Vols. IX–XI: Literature of the Republic, Part IV., 1861–1889
 
St. Theodule
By Starr Hoyt Nichols (1834–1909)
 
[Born in Danbury, Conn., 1834. Died, 1909. Monte Rosa. The Epic of an Alp.—Revised Edition. 1886.]

BENEATH dark Breithorn’s glancing helm, ’twixt that
And rearing Matterhorn, St.

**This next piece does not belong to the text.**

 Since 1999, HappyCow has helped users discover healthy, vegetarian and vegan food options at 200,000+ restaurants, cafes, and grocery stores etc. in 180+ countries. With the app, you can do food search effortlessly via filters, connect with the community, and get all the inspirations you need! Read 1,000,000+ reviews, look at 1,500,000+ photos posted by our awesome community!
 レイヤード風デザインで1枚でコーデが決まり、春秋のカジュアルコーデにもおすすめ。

Theodule
Bends graciously its snow-white neck, as when
The laggard ox stoops low his tranquil head
To take the yoke; so forms a crescent pass        5
In that forbidding wall which otherwise
Imprisons Zermatt the streamy in its guard.
Thence on clear days when noon pours its steep light
On the white wonder of the Rosa’s snows,
The Mount displays its royalties at full.        10
Set like a castle mastered of great drifts,—
Donjon, portcullis, banquet-hall and moat
All half-submerged beneath them,—while its lords
Are gone, and gone its ladies all, it stands
Corner to a supernal masonry        15
Whose marbled scarps within their crescent hold
The Gorner glacier’s smooth arena, thus
Building a matchless amphitheatre—
Of girth to shrink Rome’s Colosseum famed
To scarce a feaster’s bowl,—with glacier paved,        20
And terraced through the clouds with shelf and wall
Of crystal glacier,—stairway to high heaven.

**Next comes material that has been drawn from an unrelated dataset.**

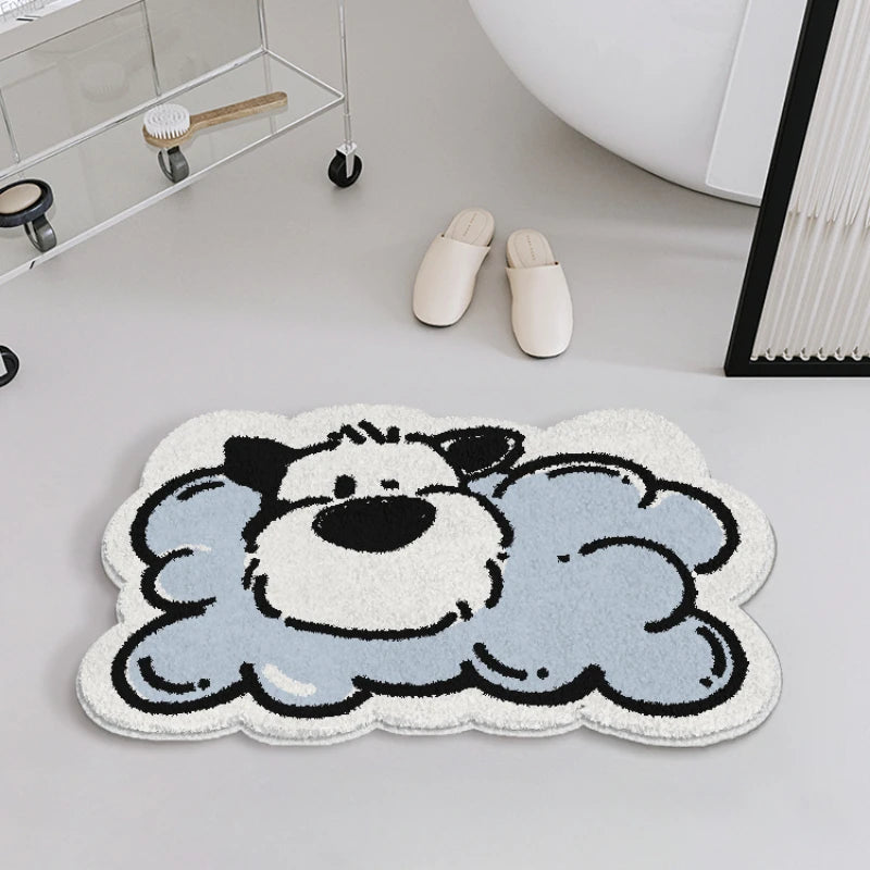 Yeknu Cartoon Puppy Living Room Sofa Carpets Cute Soft Girly Children's Bedroom Bedside Carpet Blue Plush Cloakroom Coffee Table Rugs

Here seems as if the Almighty’s writ had run
To build a court for that tremendous day
When dead men’s souls black with all sins are haled        25
Mid trumpets’ blare, before the angelic hosts—
Cherub and seraph, singing, sworded, winged,
And here assembled, crowding coign and cave
With dazzling ranks of Heaven’s imperial guard,
That still shall not out-brave the blazonry        30
Of these broad snows beneath this mid-day sun.
 
Here Breithorn, Kleine Matterhorn, and Twins,
Lyskamm, and many-towered Rosa flanked
By nameless goodly summits,—surpliced choir,
Of deathless singers choral without song,—        35
In one transcendent foreground meet the eye,
From crown to base, from base to dizzy crown;
What silver splendor,—great white throne of God!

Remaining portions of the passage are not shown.